The story made for a driveway moment for me.  So great to have these mapping stories becoming more common.

What’s the value of geographic memorization? Practiced and applied, towards geoliteracy.

In my online Foundations of Spatial Thinking class, we’ve been discussing the relative merits of having students memorize places and locations. The 50 States, their capitals, countries around the world and their capital cities too. For me this type of “place name geography” is necessary but not sufficient. Yes, we should be expected to know these attributes of our own country, and (at least the general) global locations. We should begin to memorize them early, in elementary school, just the same way that by 3rd and 4th grade we are memorizing our multiplication tables, how to spell difficult words (handkerchief, neighborhood, independent, committee), and distinguishing among words commonly confused (their/there/they’re; its/it’s).

Mastering these basics are the building blocks for later “literacy” – in math, in writing, and in geographic thinking. The trick is that with our times tables and with spelling, we have countless opportunities to continue to practice and apply these basics, year after year. If we mistakenly calculate the product of 8×7, for example, we will reach the wrong solution in a math equation or hand somebody the wrong amount of change from a cash register, and we’ll be reminded of our error. When we misspell “disseminate” now, our computers will remind us by underlining the word with a squiggly red line.

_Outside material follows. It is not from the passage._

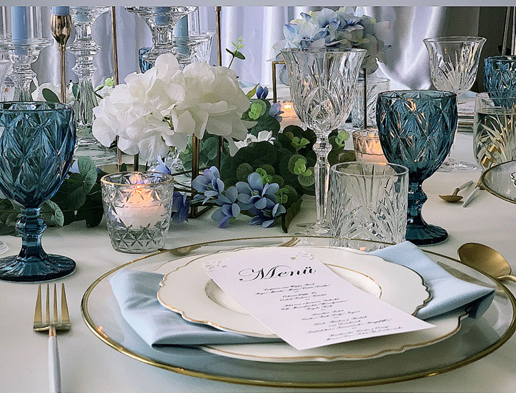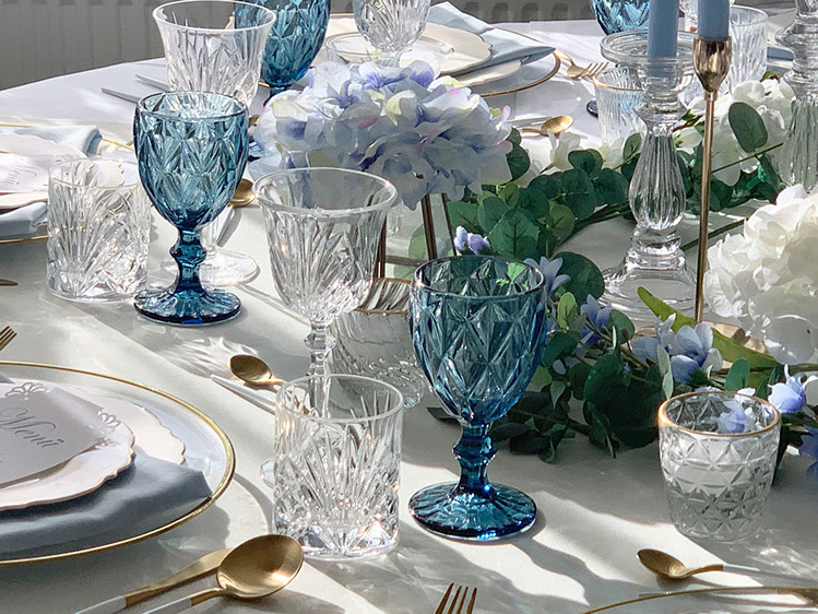 Sie suchen nach extravaganten Weingläsern für ihre Hochzeitsfeier, dann sind unsere blauen Gläser genau das Richtige für Sie. Formschöne Gläser mit einem extravaganten Flair in einem intensives Blau-Grau, die perfekten Eyecatcher für eine märchenhaft schöne Hochzeitstafel.

But there are precious few opportunities to practice and apply the geographic knowledge that we manage to accrue during our early years. And if we never practice recalling and applying those “facts” again, they will, eventually, or even immediately, just slip from our mind, like all the other scraps of minutiae that our formal education presents us with. So isn’t it really part of a much bigger problem, really, that many later forget which one is Iraq and which one is Iran?

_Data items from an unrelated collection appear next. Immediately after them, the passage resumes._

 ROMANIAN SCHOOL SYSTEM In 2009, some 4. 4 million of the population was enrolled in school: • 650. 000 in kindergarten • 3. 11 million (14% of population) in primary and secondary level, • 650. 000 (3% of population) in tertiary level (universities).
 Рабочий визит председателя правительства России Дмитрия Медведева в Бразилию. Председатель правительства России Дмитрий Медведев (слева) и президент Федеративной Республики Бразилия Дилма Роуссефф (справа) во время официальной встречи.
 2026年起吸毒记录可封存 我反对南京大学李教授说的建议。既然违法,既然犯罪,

There are no “map” checkers built in to our computer programs.  Copy editors are paid to check for careless mistakes before written material goes to press, but there are no such skilled people employed by many media outlets. Mistakes are common (CNN and Fox both make fairly regular errors), and usually more amusing and inconvenient than damaging.  Of course it’s Apple’s maps that are the topic du jour.

So, memorization is necessary but not sufficient. Our geography education should not neglect this process, but it should also and then expect teachers, and students, to master this step and move beyond it to the applied knowledge part. Asking, understanding, and answering questions about our human and environmental interactions, without having to spend precious hours returning to the basics.

One more note on memorizing our States. Peter Gould and Rodney White, in their studies of our mental maps, found that some States are more difficult to learn than others. Shown below are the ones more likely to be confused, at least by college students in Pennsylvania in the early 1970s. Maybe these are the ones for which we just need to practice more. Just like to, two, and too.

an idea worth supporting: an innovative, well-designed, and community-sourced Food Atlas

New to me: the current project being undertaken by “guerrilla cartographers” to create a food atlas. I love the premise, I love the process, and I know I’ll like the product. Go mappers!